Feeling down about life.

Amelia

I don’t if everyone feels like this— I think it’s fairly common though— I can’t exactly place finger on if it is a mental condition or not, or if I’m just overthinking something but I could use some advice.

I’m 14 years old and my transition into high-school was fairly easy I had okay grades for the first quarter, and I have made some really good friends, so I thought I was happy( because at the time I was.)

When I was in 6, and 7 grade I was being picked on( online) by some one in my school— I had a very small school so everyone knew everyone and we had one class per grade from nursery through 8— and we both didn’t really like each other but we some what tolerated each other. And let me just say she made me miserable. Some of the things that she said to me were constantly repeated to me by a couple of other kids in the same school. And because of this repetition(it happened in school to a lesser extreme • if you will so it wasn’t just online it wasn’t exactly like I could shut it out or just block the person{now that I think about it that is what I should have done in the first place but because I was young I thought it would be okay} I was wrong) because of the repetition it became so constant it happened everyday she drove me to the edge and I thought about suicide and I even drew cut lines on my arms without piercing the skin so it just looked like an indented scratch that you would get from like scratching yourself to hard with a pen it leaves a small dip in the skin and because it happened everyday I tried to cut if the circulation to my leg using the main vein by using a rubber band- I tried that a couple times but it felt weird so I stopped- I then tried to O.D on Tylenol because I heard that it was a painful death because it starts in your liver and works its way around killing you slowly and painfully but nothing happened so I gave up. She left the school and I was happy for the time being.

Even though in my old school we were all really close like a family I only really had a close group of friends and we don’t talk to each other anymore so I started to not feel happy any more, and being the overweight person that I am I was already self conscious, but I also had acne like most kids but it wasn’t just on my t- zone it was everywhere my checks, my nose, my chin, my scalp, and it didn’t get read there was just a lot of them so already adding to my self esteem (very low might I just add) I wasn’t happy with my self so I thought about it again so I took a knife one night up to my room and decided to give cutting one more chance but it didn’t work so I gave it up, but that still didn’t mean I was happy.

When I went into my high school that I chose to go to so o could distance myself from the people that I knew already and the neighborhood I was there to get a new reputation so to speak as being the person I actually am not the bossy know-it-all that I was (still am) but I didn’t want it to happen and it didn’t because for some reason I have a school persona and a home persona and I don’t know why( another time for that story) I was happy for a while and then thought that one of my best friends was trying to replace me and I felt sad again. It made me really distant I wouldn’t really talk to people unless they were my teacher and I stopped eating all together joiner the fitness club at my school to help me gain some more of my confidence (endorphins u know) but I still don’t feel happy.

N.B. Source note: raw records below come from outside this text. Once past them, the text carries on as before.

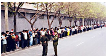
图：1999年4月25日中央信访办前，法轮功学员和平上访，文明安静，警察不用维持秩序，在一旁聊天。所谓的“围攻中南海”根本就不存在。

个好人，做个更好的人，从1992传出后，在短短的七年时间吸引了近一亿人修炼法轮功。而中共恰恰相反，它是不讲真善忍的，它是讲“假恶斗”，在法轮功面前，它的邪恶本质暴露无遗，中共自己不教人做好人，还嫉妒（让）别人做好人，所以才制造借口迫害无辜的法轮功。
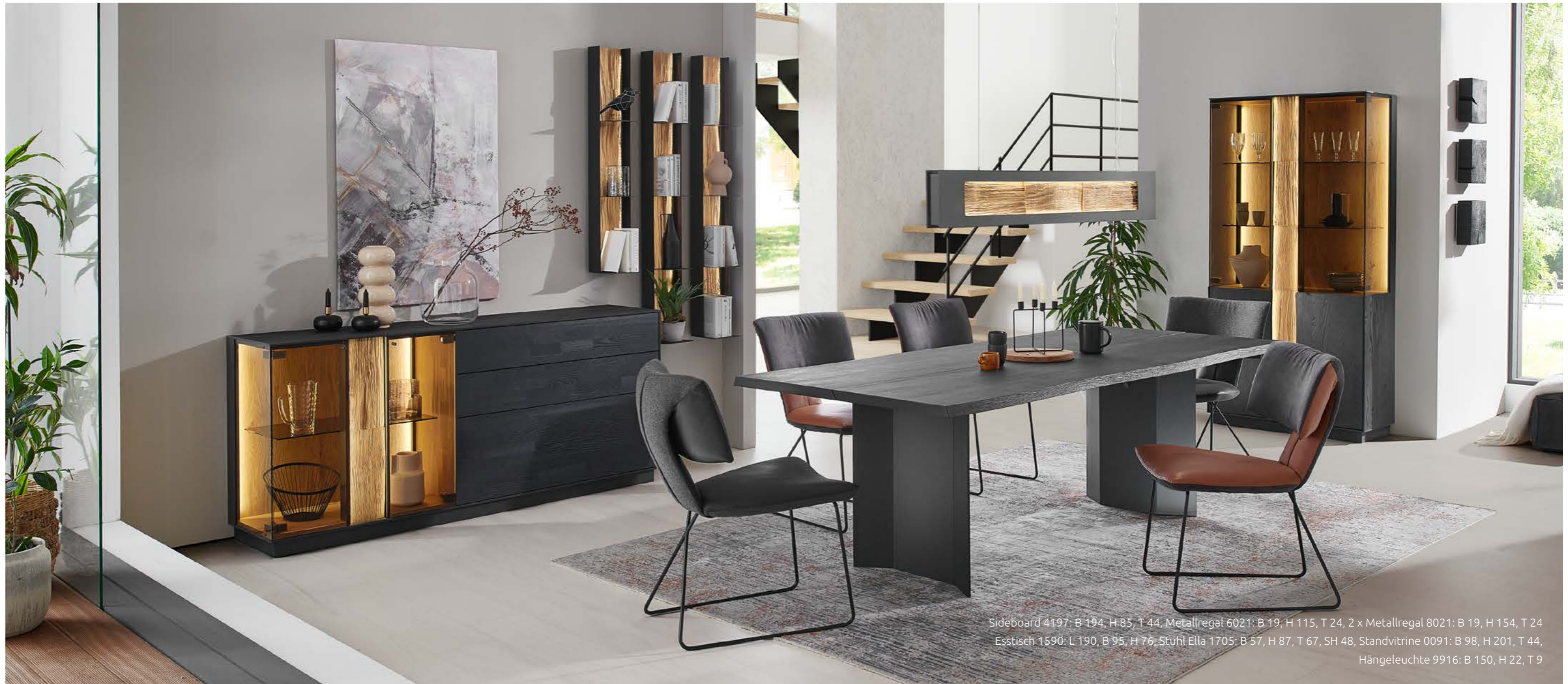
Sideboard 4197: B 194, H 85, T 44, Metallregal 6021: B 19, H 115, T 24, 2 x Metallregal 8021: B 19, H 154, T 24 Esstisch 1590: L 190, B 95, H 76, Stuhl Ella 1705: B 57, H 87, T 67, SH 48, Standvitrine 0091: B 98, H 201, T 44, Hängeleuchte 9916: B 150, H 22, T 9
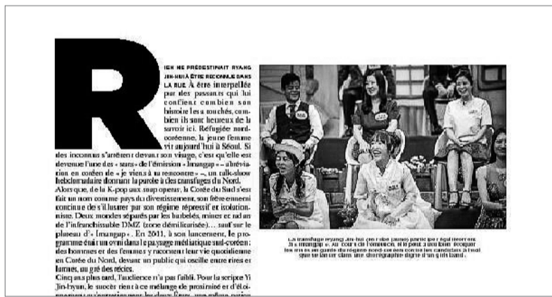
르몽드 매거진에 소개된 ‘이만갑’ 기사.
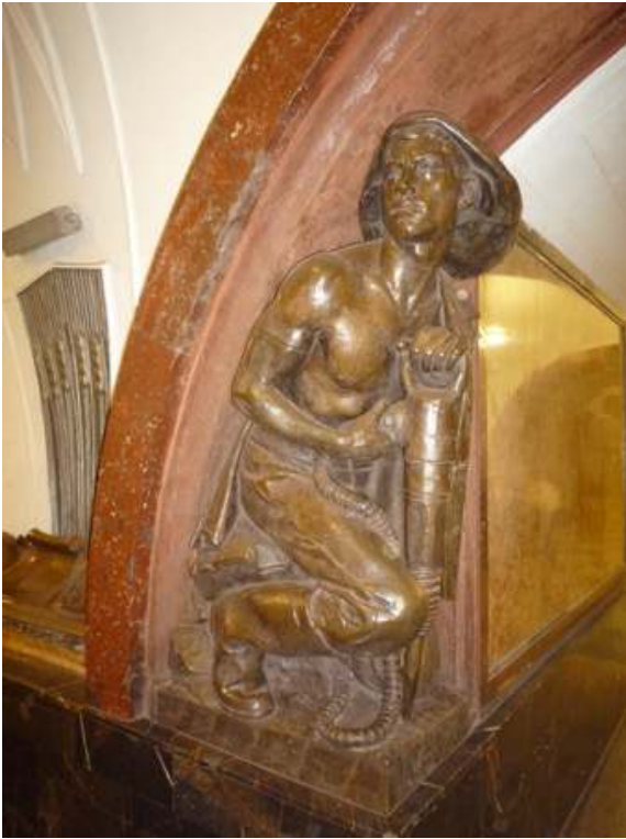
Figure 8 : Le métro de Moscou comme objet touristique

Le métro de Moscou constitue un objet touristique, ici station Park Koulouri ; pourtant l'accessibilité n'est pas facilitée pour les touristes.
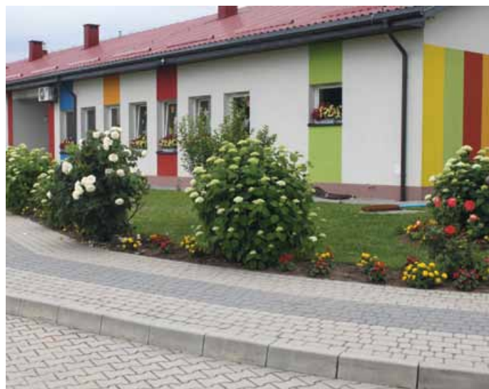
ŻŁOBEK GMINNY NAJPIĘKNIEJ UKWIECONĄ JEDNOSTKĄ GMINY ŁOPUSZNO
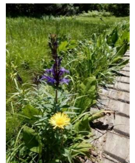
サワギキョウとミズギク?

I honestly don’t think that I have been happy fir the longest time I think that it is because I don’t love myself enough to be happy I can’t be happy, but I also think that it is something psychological going on with me and my inability to be happy I don’t know. I don’t really want to talk to my school guidance counselor but then of course I wouldn’t know what to say. I want to go see a psychologist to see if there is more going on with me but then of course it’s not my money that is going to pay for this. It’s my parents and they have done a lot for me I don’t even think there is enough nerves in my body to count all that they have done for me.

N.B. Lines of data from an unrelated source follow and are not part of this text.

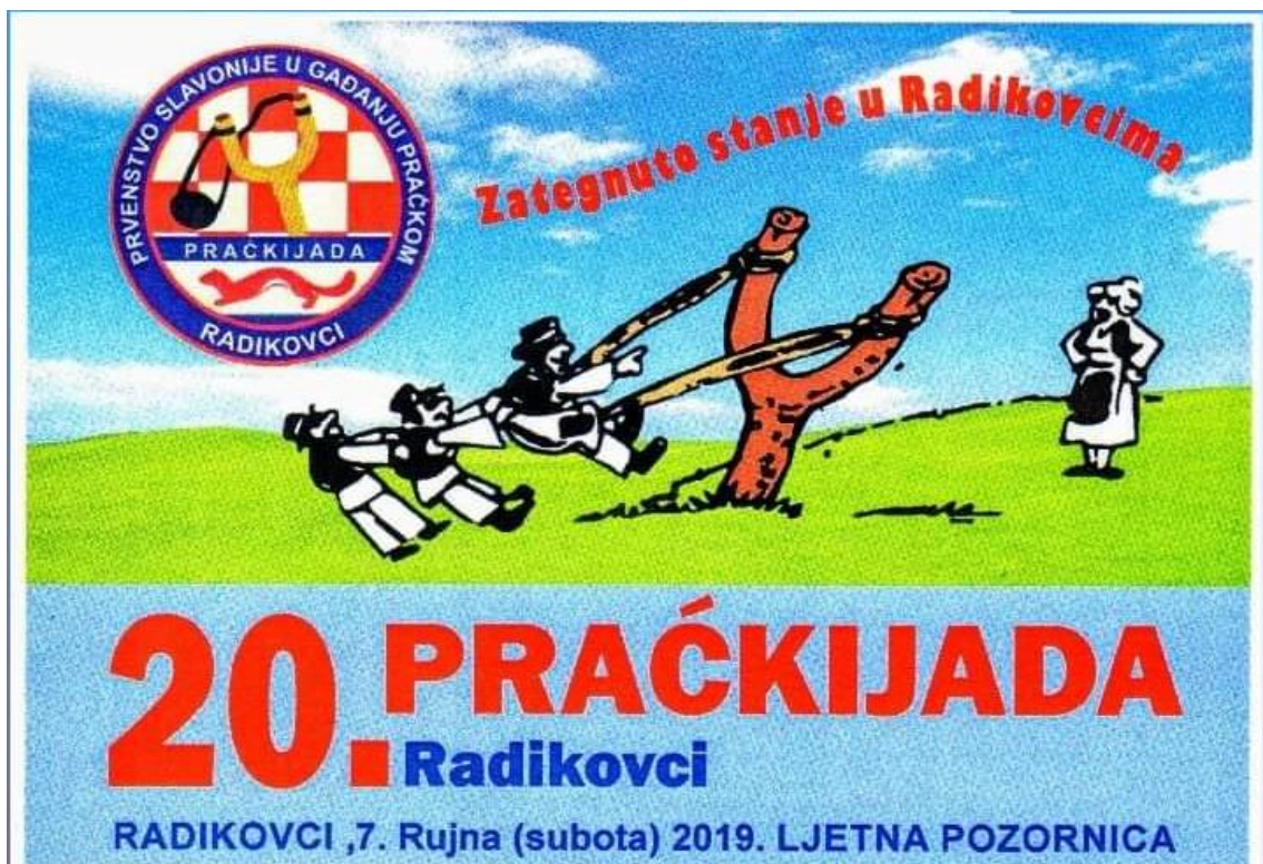
Slika 15. Promotivni plakat za „Praćkijadu“
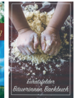
„Euratsfelder Bäuerinnen Backbuch“ von den Euratsfelder Bäuerinnen 191 Seiten Preis: € 15,00
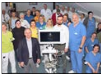
Auftaktsschulung für die Telemedizin.

In der vergangenen Woche haben sich rund 50 Mitarbeiter des Naëmi-Wilke-Stiftes mit den praktischen Möglichkeiten der Telemedizin befasst. Die Firmenvertreter führten Geräte und Anwendungen vor und erste Schulungen durch. Das Naëmi-Wilke-Stift plant den Start der telemedizinischen Versorgung schon in diesem Monat, Ende des Jahres soll die Anwendung so selbstverständlich sein wie ein Telefonat.
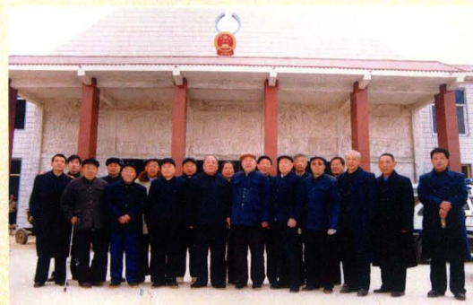
组织离退休干部参观基层法庭建设成果
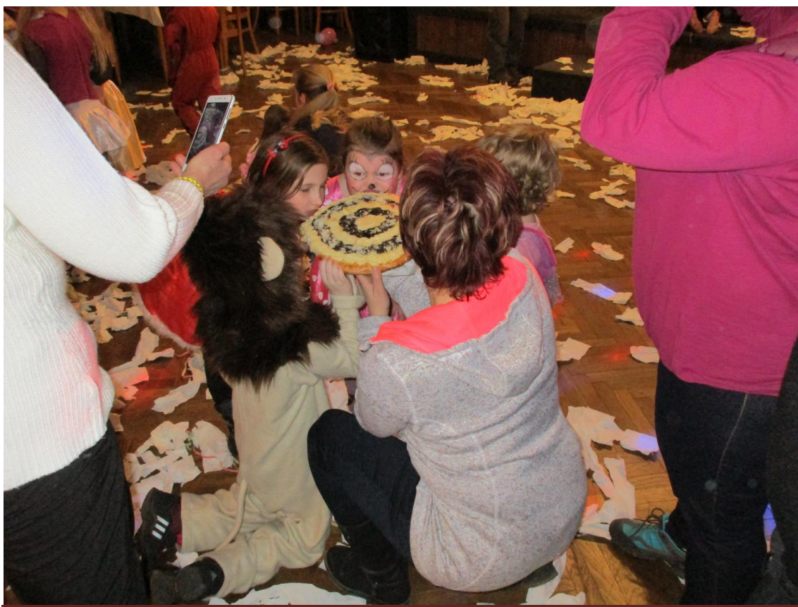
Kronika obce Oldřichov v Hájích 2018
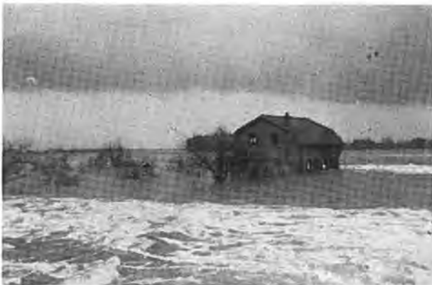
Café „Luchtenburg“.
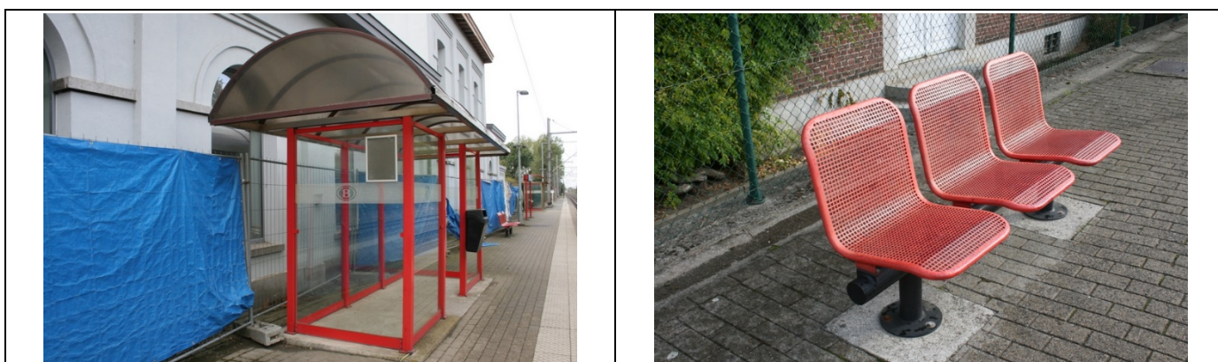
Abris sur les quais
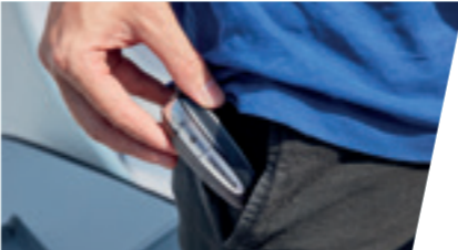
Il sistema di sicurezza Immobilizer è stato progettato per evitare che il motore possa essere avviato senza la chiave remota del proprietario.
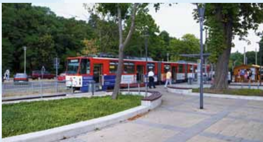
Endstation gegenüber dem Bahnhof an der Ostbahn: Hierher lautet die Zielbeschilderung „Strausberg S-Bahn“

I’m not really questioning my gender but I did my sexuality for a couple of months— I figured it out I’m hereto-flexible which is like being bisexual but with a preference to your opposite gender but would date the person of the same gender as well. If that helps give me advice.

I hope that just writing it down makes me feel better but even if it does make me feel better I know it won’t last long. Please help me I don’t like not being able to be happy.